И о любви и о судьбе…

Оглавление

«Ах, стоит ли сердце тревожить,

Давнишнюю боль бередить!

Да вот ретивое-то гложет,

Не может, что было, забыть»

(Гребнёв. «Вдовья песня»)

Жизнь. Какая она у меня? Счастливая? Может быть. Чтобы понять, и пишу о ней. Родилась я 28 сентября 1934 года. Считаю сентябрь счастливым месяцем. И день рождения, и именинница-30 сентября, и имя доброе родители дали. Моя мама Седунова Клавдия Александровна была безграмотной, из бедняков. Отец, Николай Ильич, тоже не из богачей (в семье было шестеро детей). Папа был председателем колхоза «Правда» (ныне «Родина»). Как помню, он каждое лето уходил на переподготовку в Кущубу. Ему приходилось сдавать на время службы колхозные дела заместителю. И всегда всё было в порядке. Помню, раз я вместе с ним ходила на колхозный покос. Женщины в шутку толкнули его в речку, а я плакала.


Мама и отец 1933 г.


Жила с нами и бабушка Анна Николаевна, строгая, немножко суровая. Жили дружно, на мир смотрели открыто, без зависти.


Мама, б. Анна и я с сёстрами (Ниной и Риммой) я в центре 1939 г.

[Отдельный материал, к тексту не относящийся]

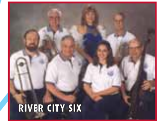
RIVER CITY SIX

7:30 p.m. - 11 p.m. at PLYMOUTH ARTS CENTER (Courtyard)

Папа воевал и в финскую войну. Ещё до войны он посадил 10 яблонек, а в морозную зиму 1940 года выжила только одна. Росла эта яблонька в годы Великой Отечественной войны, и после ещё долго плодоносила. Мы угощали яблоками тётю Шуру и соседей, говорили: «Это вам от Николая Ильича». Помню, как отец возвращался с финской войны. Мы его ждали весь день, выбегали к дороге посмотреть, а встретили только вечером у шоссейки. Шёл он с фанерным чемоданчиком. Достал гостинец (лепёшку с голубикой) и подаёт. А Римма не берёт, говорит, что у нас свои пироги есть. Младшая Нина ещё в люльке качалась, не помнит. Римма никак не шла к папе, отвыкла (ведь ей было всего-то 3 года). И всё спрашивала у мамы: – Твой папа пришёл. А когда наш-то придёт? Потом он купил куклу, и дочка привыкла к нему. С этой единственной купленной игрушкой и выросли мы.


Папа (в центре) 1939 г.


Папа (Седунов Николай Ильич) 1938 г.


У нас был маленький старый дом. Решили строиться. Купили большой сруб. Мама спросила отца: – Зачем нам такой большой дом? На что он ответил: – А у нас будет много детей. Много будет. Но дом так и не достроили. 12 июня 1941 года его снова взяли на переподготовку, а 22 июня началась война. Привезли их из Кущубы в Вологду, в Красные казармы, а 29.06. уже отправили на фронт.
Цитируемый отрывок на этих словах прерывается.